Talk is cheap …
Posted on June 8, 2007 | Filed Under communication technologies, public services
while broadband data remains expensive and, sometimes, elusive. This may well be the essence of the roaming regulation (which was approved by the Council yesterday - the formal decision is scheduled for 25 June 2007), once all the hot air will be gone. More on the roaming regulation will be posted here shortly, and so we look forward to this summer, when we will all have “something else to smile about while on holidays thanks to the new EU roaming Regulation”, as Commisisoner Reding promises us (by explicitly stressing “something else“ I am sure what the Commissioner refers to are her own press releases, which give us something to smile each time we read them: take, for instance, Reding’s joy about Europe’s internal market becoming “truly borderless, even for mobile phone bills”, just as if up to now phone bills were prohibited from moving around Europe).
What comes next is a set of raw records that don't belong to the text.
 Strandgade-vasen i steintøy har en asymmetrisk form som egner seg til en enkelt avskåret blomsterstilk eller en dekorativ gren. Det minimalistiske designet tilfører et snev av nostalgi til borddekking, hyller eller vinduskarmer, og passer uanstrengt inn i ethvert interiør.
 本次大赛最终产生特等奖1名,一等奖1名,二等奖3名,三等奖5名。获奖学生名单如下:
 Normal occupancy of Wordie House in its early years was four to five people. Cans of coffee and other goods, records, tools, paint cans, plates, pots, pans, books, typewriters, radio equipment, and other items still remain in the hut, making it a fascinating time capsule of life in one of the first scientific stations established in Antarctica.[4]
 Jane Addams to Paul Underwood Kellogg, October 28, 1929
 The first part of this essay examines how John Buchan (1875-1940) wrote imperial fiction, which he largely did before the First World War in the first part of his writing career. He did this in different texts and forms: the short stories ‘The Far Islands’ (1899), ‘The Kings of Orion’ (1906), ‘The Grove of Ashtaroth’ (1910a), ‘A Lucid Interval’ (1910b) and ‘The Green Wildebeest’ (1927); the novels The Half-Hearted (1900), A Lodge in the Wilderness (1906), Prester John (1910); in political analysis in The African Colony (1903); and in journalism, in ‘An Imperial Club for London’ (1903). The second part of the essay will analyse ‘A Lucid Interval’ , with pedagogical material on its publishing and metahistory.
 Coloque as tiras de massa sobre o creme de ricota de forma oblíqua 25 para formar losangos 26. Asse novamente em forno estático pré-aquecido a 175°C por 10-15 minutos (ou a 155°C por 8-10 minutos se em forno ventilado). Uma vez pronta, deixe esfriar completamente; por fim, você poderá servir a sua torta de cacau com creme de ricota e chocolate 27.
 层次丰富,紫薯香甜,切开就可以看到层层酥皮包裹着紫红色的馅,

But talk is cheap might also have been the catch phrase for a conference that took place in May: “Bridging the Broadband Gap” was addressed by four Members of the EU Commission - you can read their speeches here:
- Mariann Fischer Boel - Quote: “So with regard to rural policy and broadband, we have launched the boat, and we will see where it goes.” (Sounds a lot like Shakespeare: “Mischief thou art afoot, Take thou what course thou wilt!” [Julius Caesar])
- Danuta Hübner - Quote: “We have to foster building relationship capital, through increasing the communities’ capacity to cooperate and to mobilise all the available expertise, and, finally, through building relations founded on trust and mutual confidence.” (Or, as Shakespeare put it: “One feast, one house, one mutual happiness.” [The Two Gentlemen of Verona])
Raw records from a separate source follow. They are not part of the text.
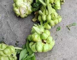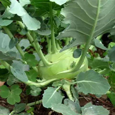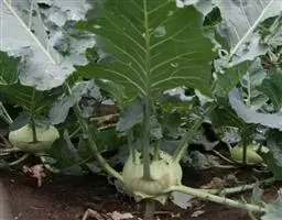 根系浅,茎短缩,叶丛着生短缩茎上。叶片椭圆、倒卵圆或近三角形,绿、深绿或紫色,叶面有蜡粉。叶柄细长,生长一定叶丛后,短缩茎膨大,形成肉质茎,圆或扁圆形,肉质、皮色绿或绿白色,少数品种紫色。球茎甘蓝一定大小的幼苗在0-10℃通过春化,后在长日照和适温下抽薹、开花、结果。花器官结构及开花授粉习性与结球甘蓝同。球茎甘蓝按球茎皮色分绿、绿白、紫色三个类型。按生长期长短可分为早熟、中熟和晚熟三个类型。早熟品种植株矮小,叶片少而小,定植后50-60天收获,代表品种有北京早白、天津小缨子等。中、晚熟品种植株生长势强,叶片多而大,定植到收获需80-100天。代表品种有笨苤蓝、大同松根、云南长擘蓝等。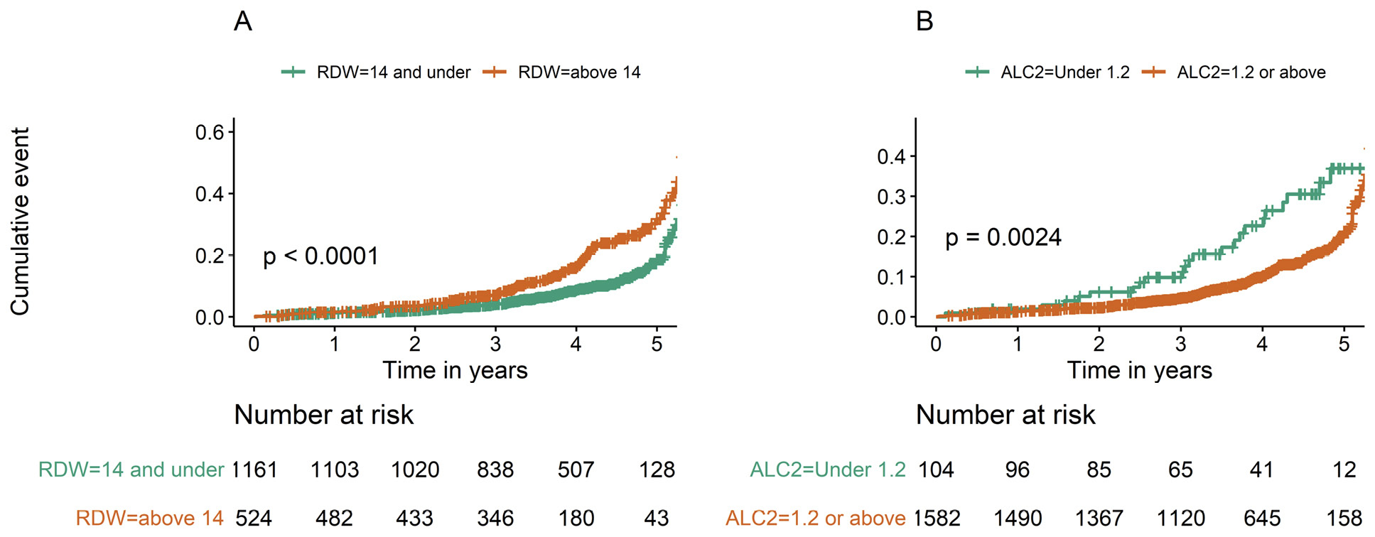 In this study, the ALC and RDW are each age related, and thus lymphopenia and anisocytosis may be markers of accelerated immunologic aging. However, we find that RDW and ALC do not correlate with each other and the associated risk for all-cause mortality of each marker is independent of each other. Anisocytosis is associated with clinically derived ASCVD risk and is related to anemia and hypo-albuminemia [10] [22].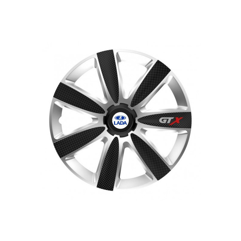Poklice 15 GTX CARBON silver/black pro Lada na ocelové disky. Pro kola o velikosti R15 s pryskyřičnými samolepkami Lada.Příjemce :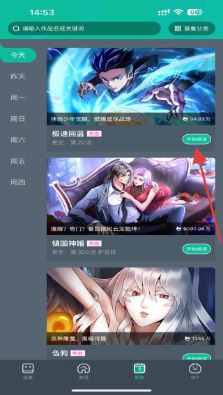 2、在更新列表中,找到想阅读的漫画,点击漫画封面或右侧的开始阅读按钮。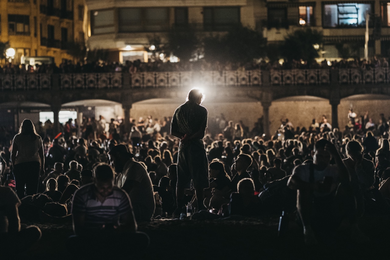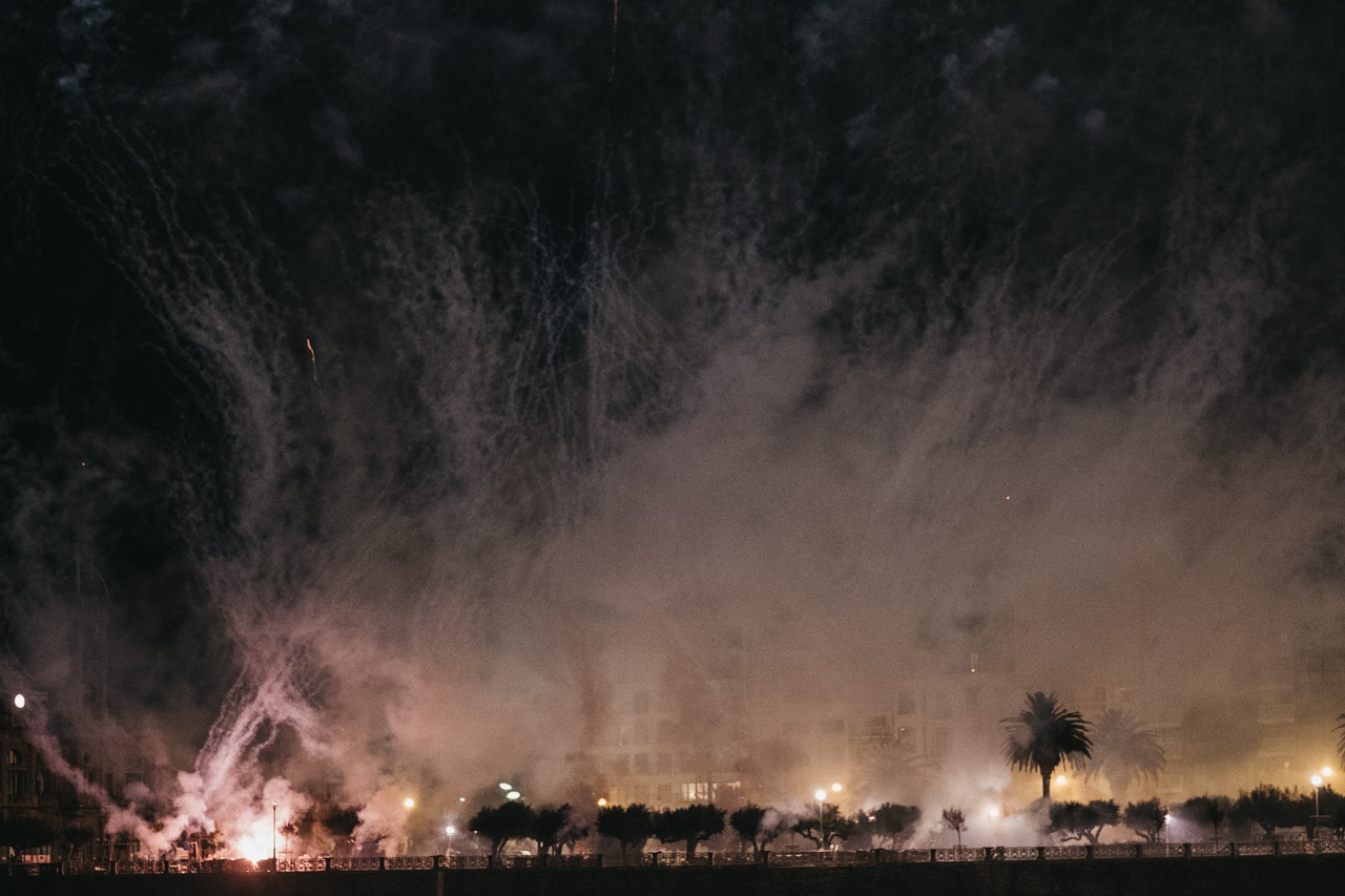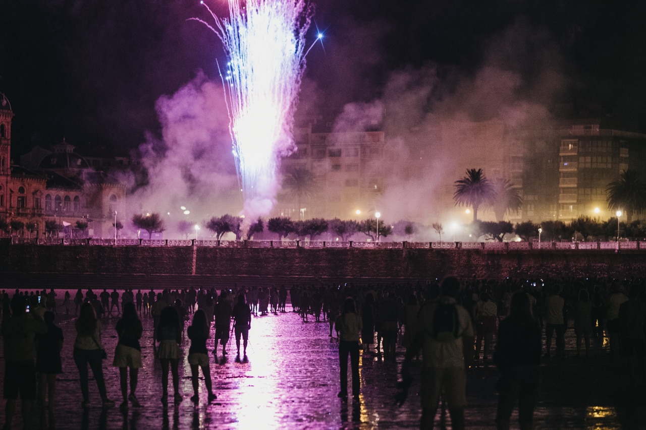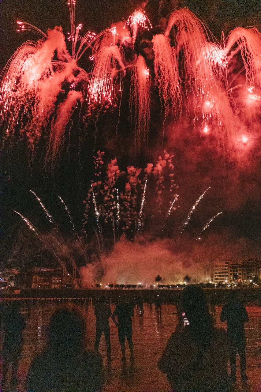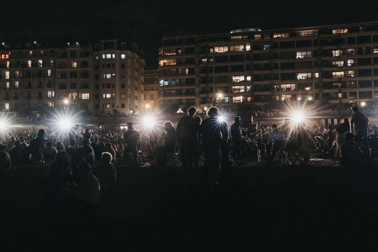 Era la última noche festiva, la del sábado, y la lluvia perdonó y reunió a miles de donostiarras en las calles y en la playa para disfrutar del espectáculo de fuegos y música con la pirotecnia portuguesa Oleirense.

- Viviane Reding - Quote: “Diversity is one of Europe’s competitive advantages - broadband can make it fly.” (Shakespeare: “your consent gives strength to make it fly.” [Romeo and Juliet”]).
- Neelie Kroes - Quote: “This event should be a practical example of ‘bringing Europe closer to its citizens’, so I hope for a real debate on the real issues.” (Shakespeare: “it is not to be question’d that they had gather’d a wise council to them of every realm, that did debate this business” [King Henry VIII])
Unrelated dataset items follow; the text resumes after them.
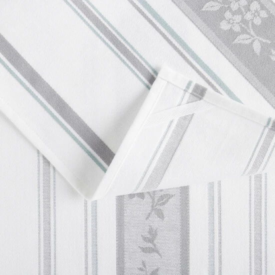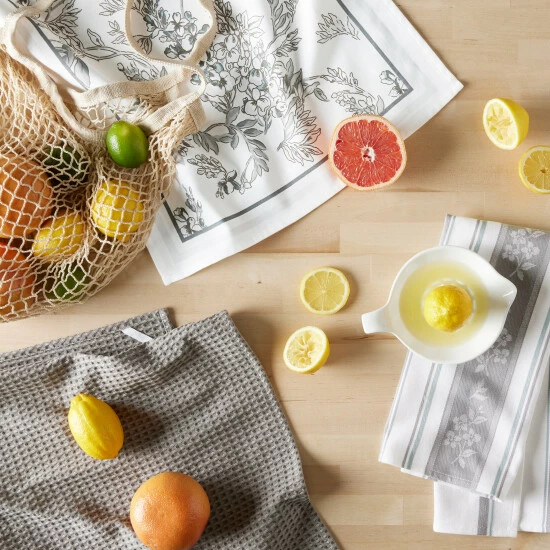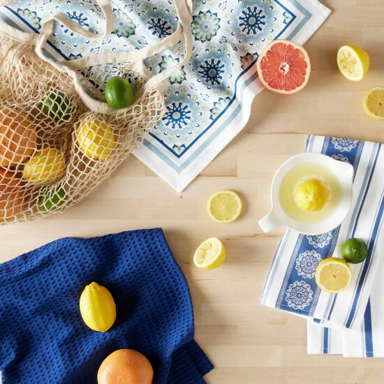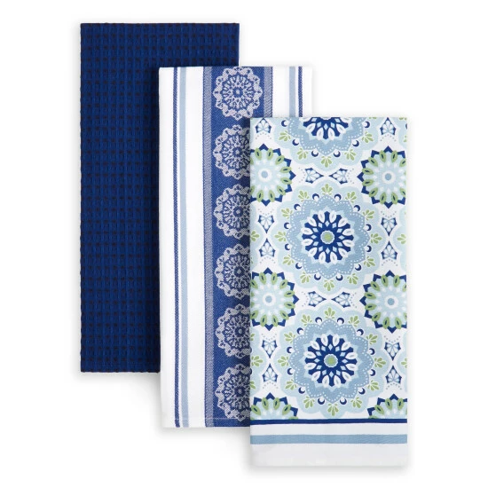 Keep your kitchen stylish and clean with the Martha Stewart Printed Towel 3-Pack Set. Made from 100% flat-woven cotton, this set includes one solid towel and two medallion printed towels with jacquard border for an elegant look. Each kitchen towel measures 18 inches by 28 inches. These machine washable kitchen towels are thick and durable for your daily tasks. They’re absorbent, non-abrasive and virtually lint-free. Perfect for sopping up spills, drying glassware and cleaning dishes.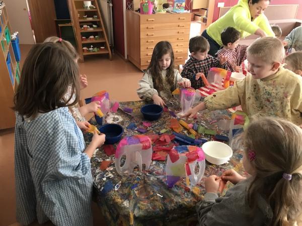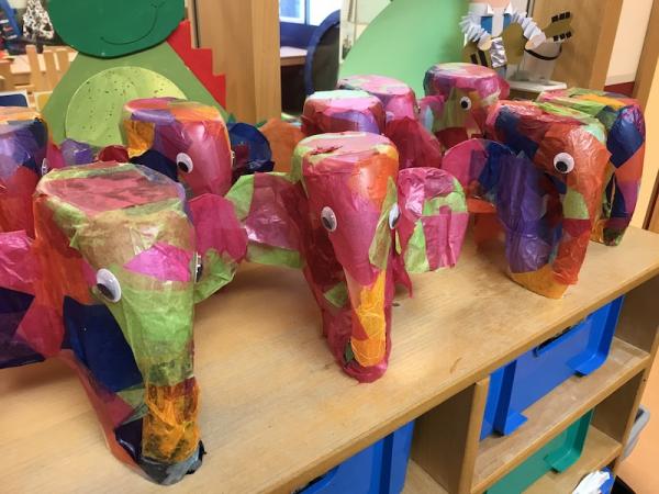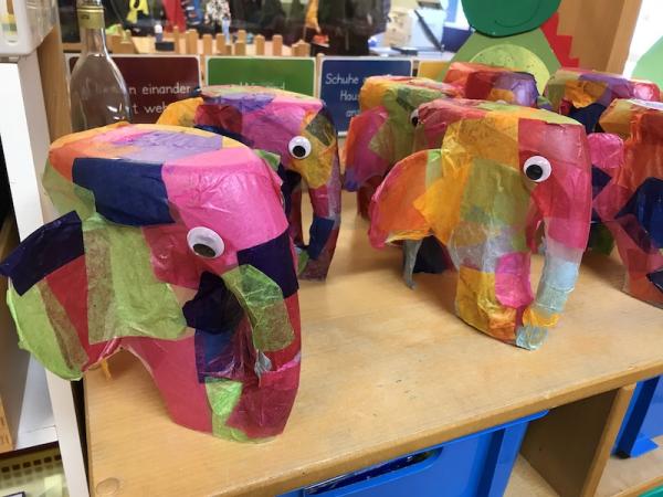 Aus Waschmittelflaschen haben wir einen lustigen Elmar gebastelt.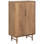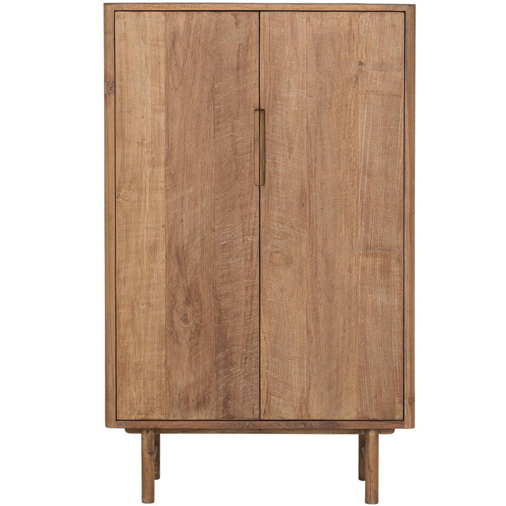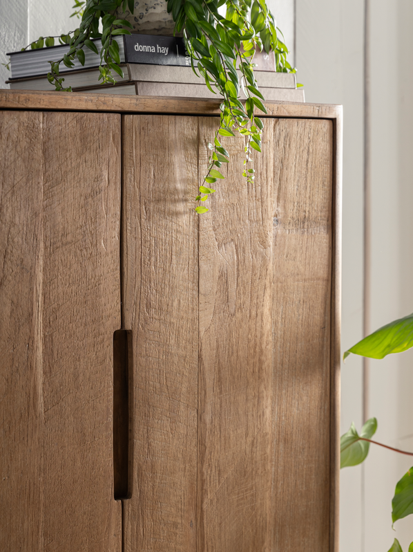 Crafted from recycled teakwood, it celebrates organic texture and one of a kind charm, with natural grain and variation that makes every piece feel unique. Its clean, contemporary silhouette sits on a raised frame, making it a natural fit for modern, rustic, or Scandi inspired interiors. Behind two doors, practical shelving keeps dinnerware, linens, board games, and everyday clutter neatly tucked away.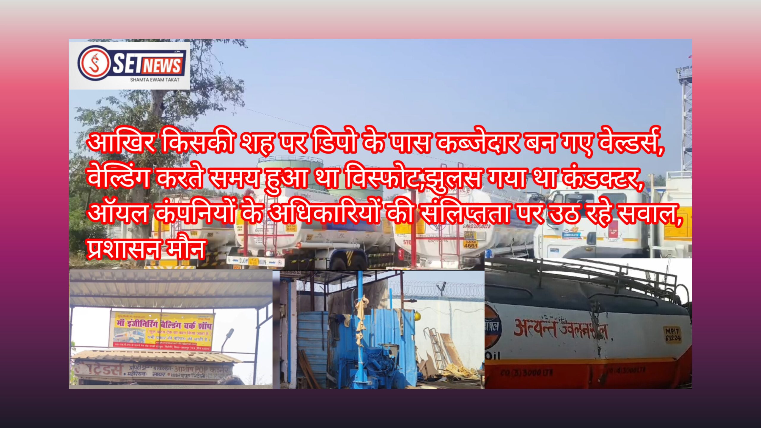 SET NEWS,जबलपुर। शहपुरा स्थित हिंदुस्तान पेट्रोलियम, इंडियन ऑयल और एलपीजी जैसी नामी कंपनियों के पेट्रोलियम डिपो एरिया में आखिरकार किसकी शह पर वेल्डर्स ने कब्जा जमा रखा है। यह सवाल अब क्षेत्रीय नागरिकों में चर्चाओं में सुलगने लगा है। सूत्रों के मुताबिक बताया जाता हैं कि उक्त कब्जेदार वेल्डर्स कुकुरमुत्तों की तर्ज पर गाहे-बगाहे सड़क किनारे टीन के शेड बनाकर अपनी दुकानदारी संचालित कर रहे है। इतना ही नहीं डिपो से निकलने पर उनको पहले ही बता दिया जाता है कि किस मिस्त्री के पास उनको वेल्डिंग के लिए जाना है। यह बात सामने आने के बाद ऑयल कंपनियों के अधिकारी-कर्मचारियों की संलिप्तता पर सवालिया निशान खड़े कर रहे है।

Basically, Reding said broadband was important, then she praised competition and advertised the upcoming reform of the telecommunications regulatory framework. However, the one concrete information packaged in her speech was the delay in addressing reform of the Universal Service Obligation. In last years’s Communication on the Review, a Green Paper on universal service was promised for 2007. In her speech this May, Reding put that off for another year; the legislative proposals (if any) will not be brought forward before 2009 (”This could in turn lead to legislative proposals in 2009.”).
It’s a polite way of saying: Universal Service reform has been called off - at least it will not be part of “tomorrow’s framework” .
PS: here you find the Communication “Bridging the Broadband Gap” of March 2006 and the Conference Conclusions of the May 2007-conference.